Every June We Talk About Safety. Every Year Falls Are Still a Top OSHA Violation.
- 6 days ago
- 4 min read

National Safety Month arrives every June with emails, posters, and renewed conversations about prevention. And then workers go back to climbing unsecured ladders, stepping through unprotected roof hatches, and trusting equipment nobody genuinely believes is safe. Falls have ranked among OSHA's most cited violations for over a decade. That's not a trend. It's the same problem the industry keeps not solving.
Falls Don't Show Up in the Data the Way They Show Up in Real Life
The construction industry has gotten comfortable discussing falls as statistics — violations, claims, reports. What those numbers don't capture is the worker rushed into surgery, the family in a waiting room, the contractor explaining to a crew why someone isn't coming back. A 2025 study published in JAMA Network Open tracked 7,556 people with workplace injuries and found that rates of anxiety and mental disorders worsened significantly after a traumatic workplace injury — more than in people who suffered comparable injuries outside of work. The researchers identified something specific to the workplace injury and claims process that compounds the mental health outcome beyond the physical injury itself.
A six-year follow-up study of injured workers found that roughly 10% hadn't returned to work at all six years after their injury, with psychological symptoms being a primary factor in whether people came back.
The emotional cost doesn't show up on an OSHA report. But it's there, and it lasts longer than the injury does.
The Three Excuses That Keep Job Sites Unsafe
"We've never had a fall." The absence of an accident isn't the absence of risk. It usually means luck has held so far. OSHA doesn't write fall protection standards because falls might happen — the standards exist because falls do happen, resulting in over 34,000 emergency room visits and 113 fatalities from ladder falls alone in a single year, according to CDC and NIOSH data.

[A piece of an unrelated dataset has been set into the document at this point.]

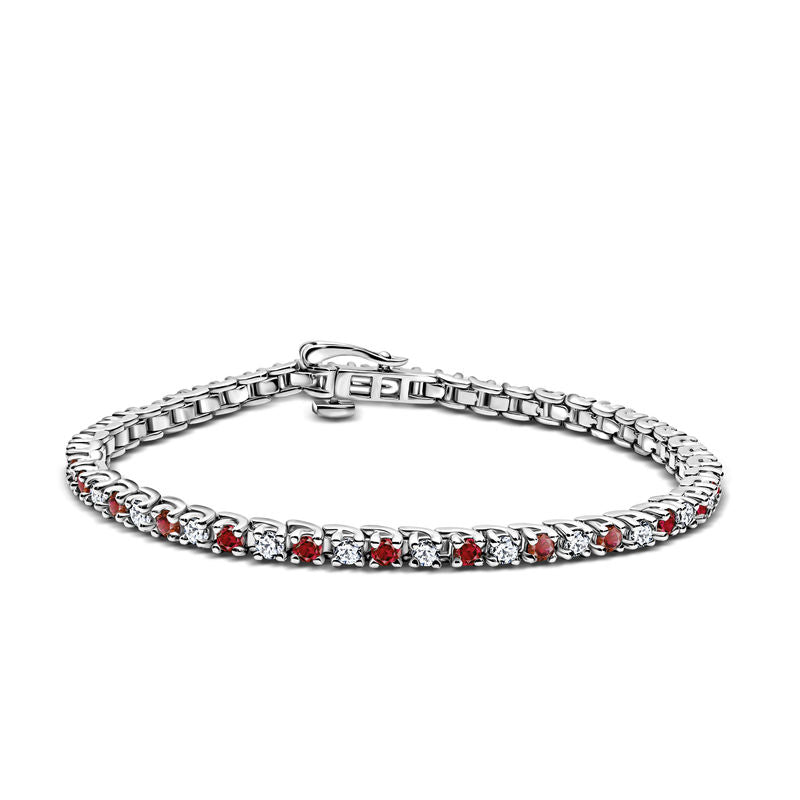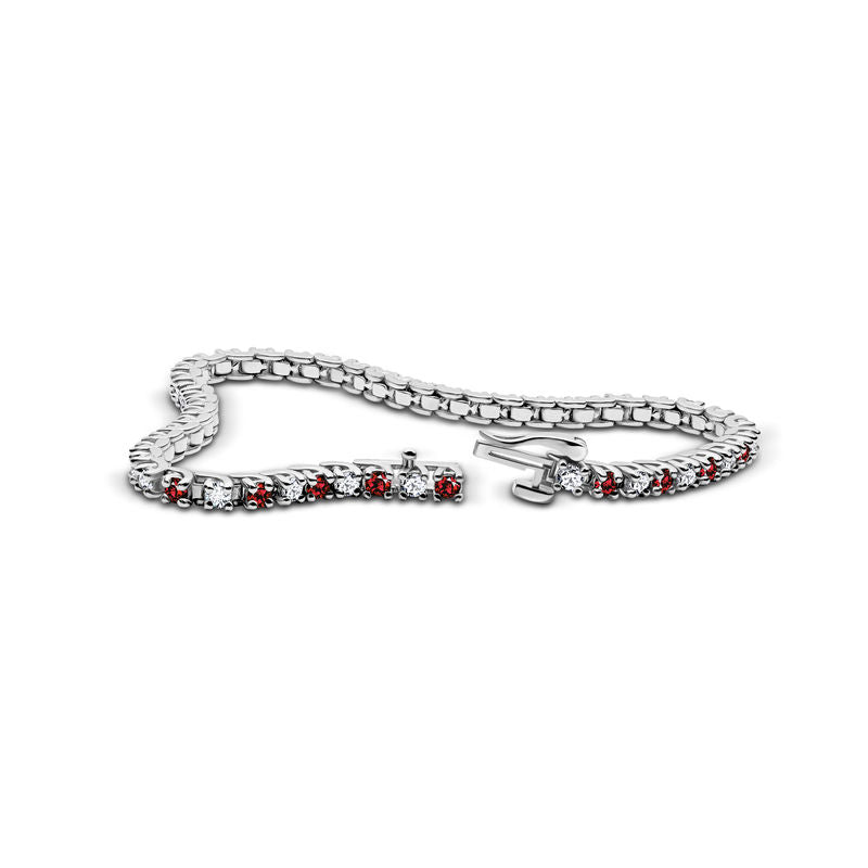 Dámsky tenisový náramok DF 2557 z bieleho zlata, s rubínmi a bielymi zafírmi, veľkosť L
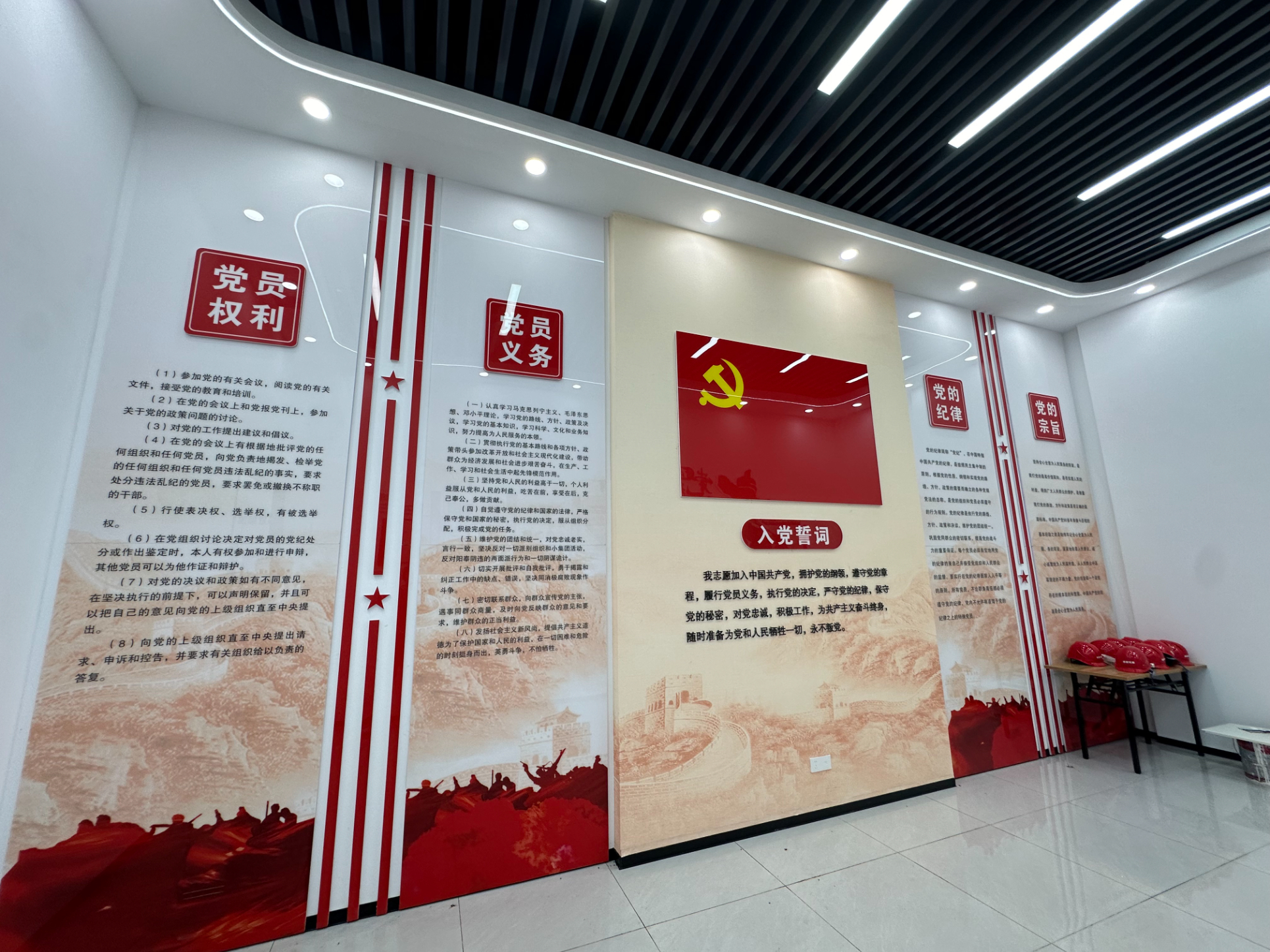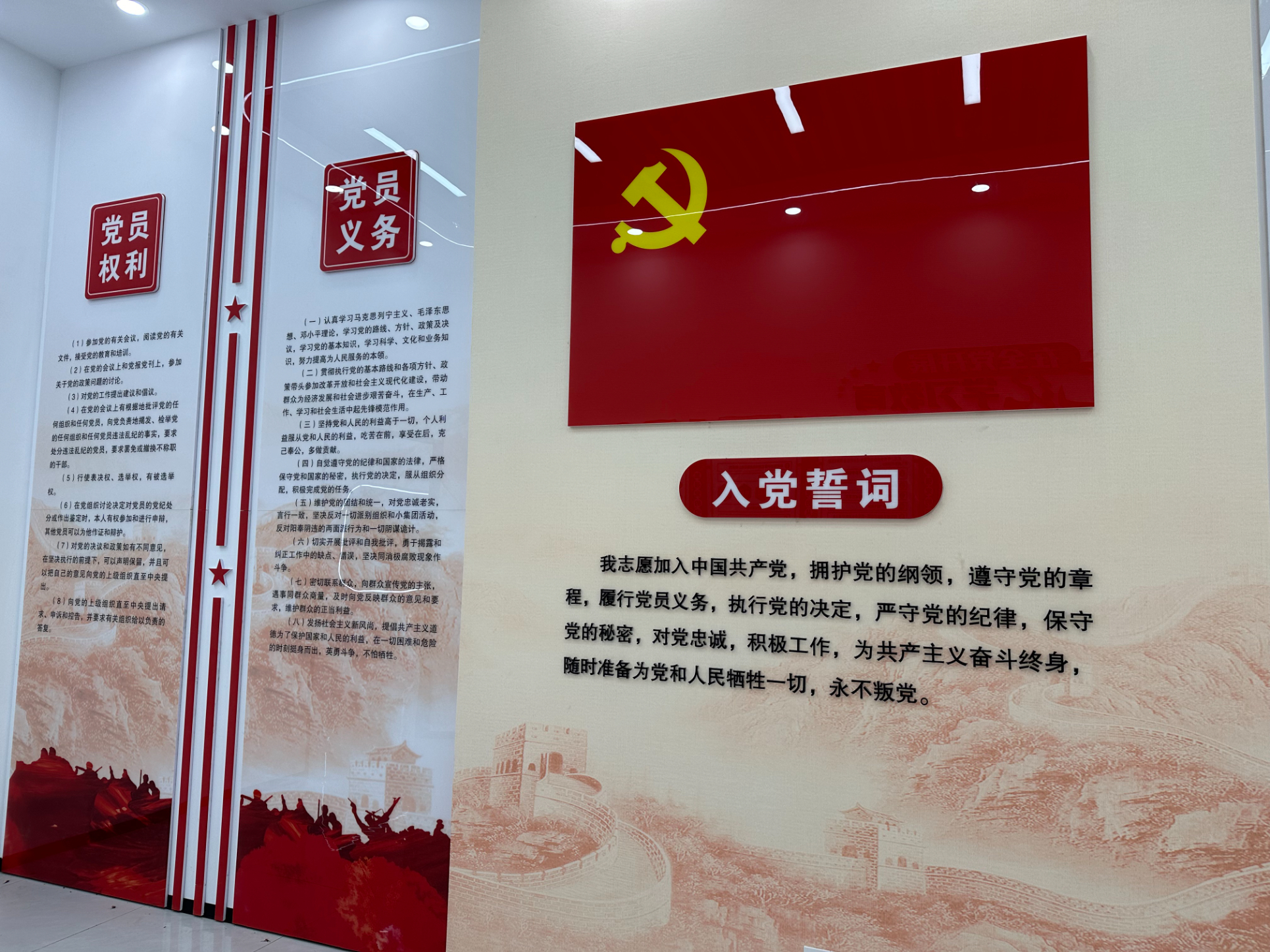 離開(kāi)安全體驗(yàn)區(qū),下一個(gè)功能區(qū)則為十分亮眼的黨建文化區(qū)。大幅的長(zhǎng)城壁畫(huà),振奮人心的入黨誓詞,鮮艷的黨旗,無(wú)不讓參觀者的思想深受黨建文化的熏陶。

"It costs too much." One serious fall can trigger OSHA citations, workers' compensation claims, lawsuits, increased insurance premiums, and in some cases permanent disability payments. Workers' comp wage replacement runs about two-thirds of pre-injury wages in most states — and studies tracking actual earnings put the real replacement rate as low as 46% in some states. Companies routinely spend more recovering from a single preventable incident than the safety hardware would have cost to begin with.

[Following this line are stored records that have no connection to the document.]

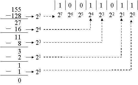 現(xiàn)在我們來看看155這個十進(jìn)制數(shù),與2的各個冪次方數(shù)比較后可知,與155最近的是128,即27,155減去128后余數(shù)為27,而27最接近的是24,27減去16得到11,11減去8(23)得到3,3減去2(21)得到1,1減去1(20)得到0。由于在本次計算中得到2的最高冪次為7,因此可以得知對應(yīng)的二進(jìn)制數(shù)是一個八位的二進(jìn)制數(shù),寫出這個二進(jìn)制數(shù)的位權(quán),并將其與得到的五個2的冪次方數(shù)對比后填入1,其余的用
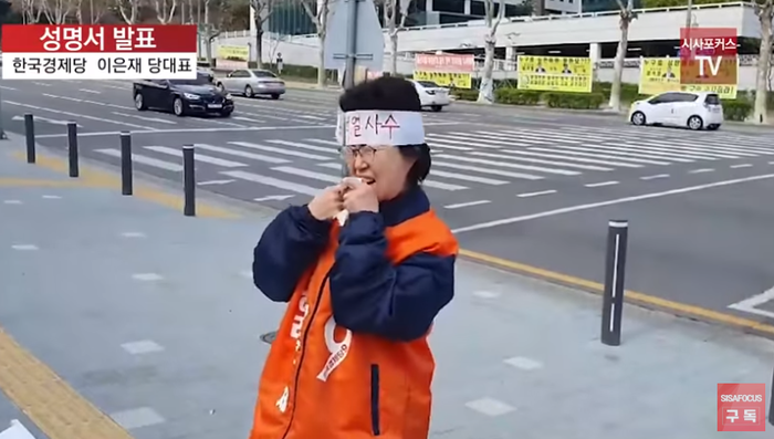 앞서 이 대표는 지난 12일 서초동 대검찰청 앞에서 “이은재가 21대 국회에서 윤석열 검찰총장의 호위무사가 되어 윤석열을 지키겠다”며 준비한 현수막 위로 올라서서 오른손 검지를 깨물어 피를 내고는 ‘윤석렬 사수’라고 썼다. ‘윤석렬’은 윤석열의 오기로 보인다.
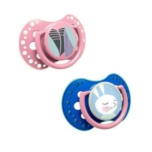 Silikonové dudlíky (šidítka). LOVIKolekce: FOLLOW THE RABBIT.Unikátní konstrukce zabraňuje reflexu kousání do šidítka, umožňuje volné dýchání nosem a přirozené polykání slin a navíc podporuje i zdravý rozvoj řeči a skusu.Sada obsahuje:- 2 ks dudlíků (šidítko) Lovi.- kryt na dudlík (šidítko) 2... przeczytaj całość
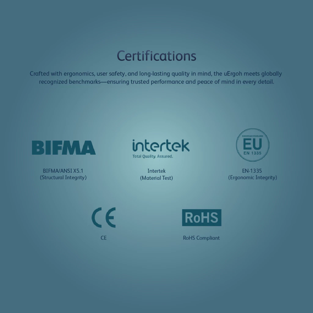 - EN 1335-1 Ergonomics Standards Certificate

"Our guys won't use it." Then the equipment wasn't designed for real working conditions. Safety systems that require extra steps, awkward transitions, or moving parts that fail after a few seasons get bypassed. That's not a personnel problem — it's a product problem. The solution is equipment workers actually use, every time, without thinking about it.
When Safety Equipment Exists on Paper and Nowhere Else
One of the most common failures in rooftop safety is installing systems that technically meet code but practically don't work. A gated ladder is useless if the gate is left open, and it almost always is. A cage becomes an obstacle when a technician can't fit tools through it. A telescoping ladder post that requires releasing a hand on a vertical rung to deploy doesn't get deployed — it gets ignored.

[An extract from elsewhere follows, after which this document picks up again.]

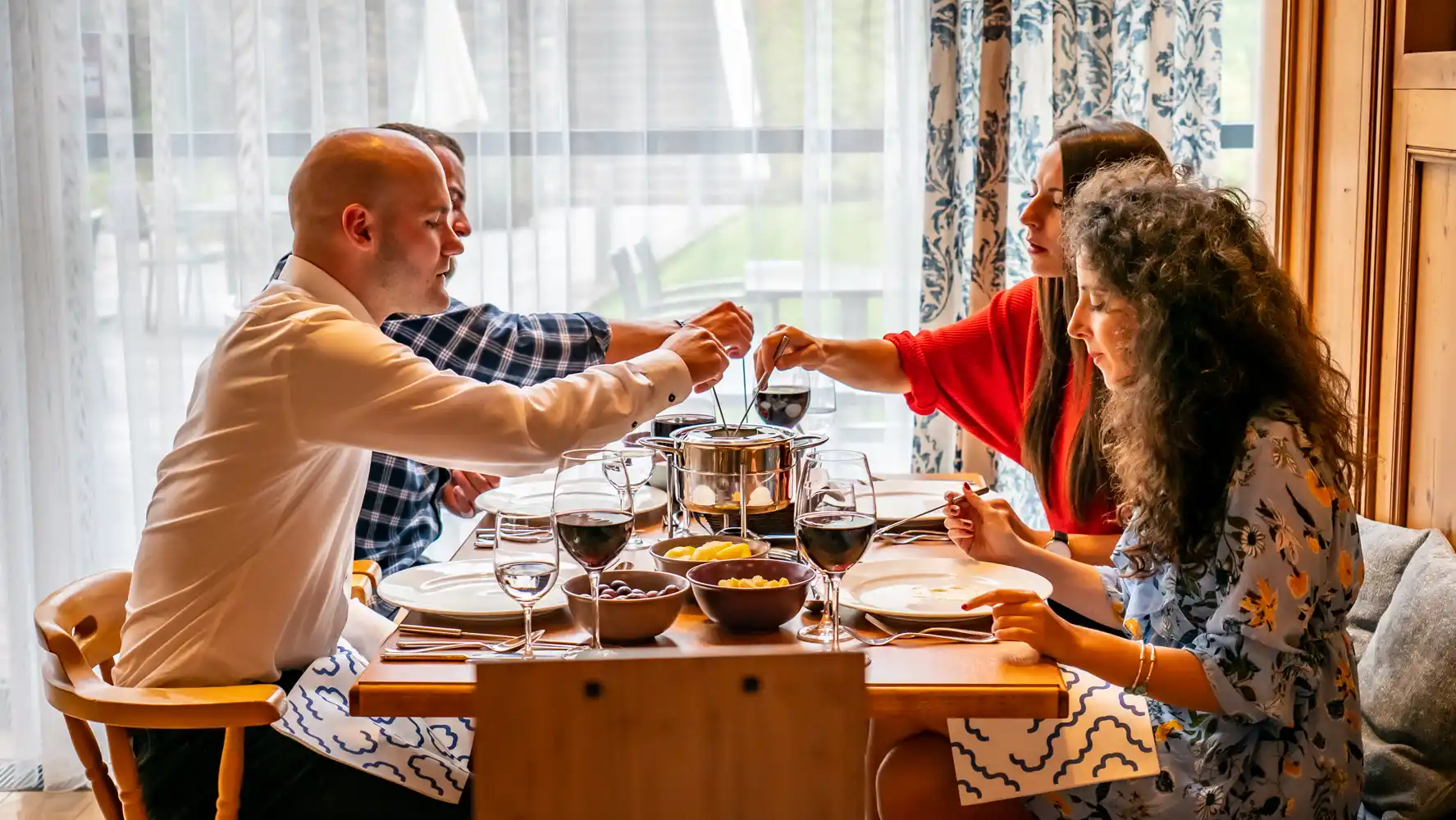 Vi tilbyder vores gæster halvpension og udover en stor morgenbuffet, vil du i restauranten blive forkælet med sæsonbestemt tyrolsk og østrigsk køkken. Fra buffeten kan man nyde supper, specialoste og sprøde salater. Vælg forret, hovedret og dessert fra dagligt skiftende menuer. Efter middagen kan man rykke i baren, hvor der serveres lækre østrigske vine, signaturcocktails og lokale øl i hyggelige omgivelser.

If the system makes the job harder, workers find a way around it. At that point the compliance checkbox is ticked and the hazard is unchanged.
Where Falls Actually Happen on a Job Site
The risk isn't evenly distributed across a workday. It concentrates at specific moments: the transition from a fixed ladder through a roof hatch opening, the climb up with tools in hand, the point where three-point contact breaks down. Among construction workers, 81% of fall injuries treated in emergency rooms involve a ladder, per NIOSH. Installation, maintenance, and repair workers — the trades most likely to be accessing commercial rooftops — had the second-highest ladder fall injury rates across all occupations.
What Removes the Risk Before It Becomes an Incident
LadderPort Roof Hatch Grab Bars mount on both sides of the hatch opening and stay fixed in position — nothing to deploy, nothing to extend, no step that gets skipped when someone is tired or carrying equipment through. They adjust to fit hatches from 24 to 48 inches and meet OSHA's Walking-Working Surface Rule 1910.28. The caged version with a self-closing gate keeps the opening protected even when the hatch is left open during roof work — one of the more common citations facility managers don't anticipate.
The Ladder Receiver holds an extension ladder at the correct angle and provides OSHA-compliant grab bars three feet above the roofline. The technician brings the ladder, the Receiver holds it securely, and when the job is done the ladder leaves — nothing on the wall for unauthorized access.
The Cranky portable winch lifts up to 300 pounds and weighs 29 pounds. One technician can move a compressor, motor, or coil from a truck bed to a rooftop without carrying it up a ladder. Overexertion injuries — lifting, carrying, handling — cost employers $12.49 billion in 2024, the single most expensive cause of workplace injury in the country. The Cranky post stays at the building; the winch travels with the technician across every site they service.
The Question Worth Sitting With This June
If a worker fell tomorrow, could your company honestly say it had done everything possible to prevent it — or would the conversation turn to the equipment that should have been installed before the accident happened?
Falls are preventable. The regret that follows them isn't.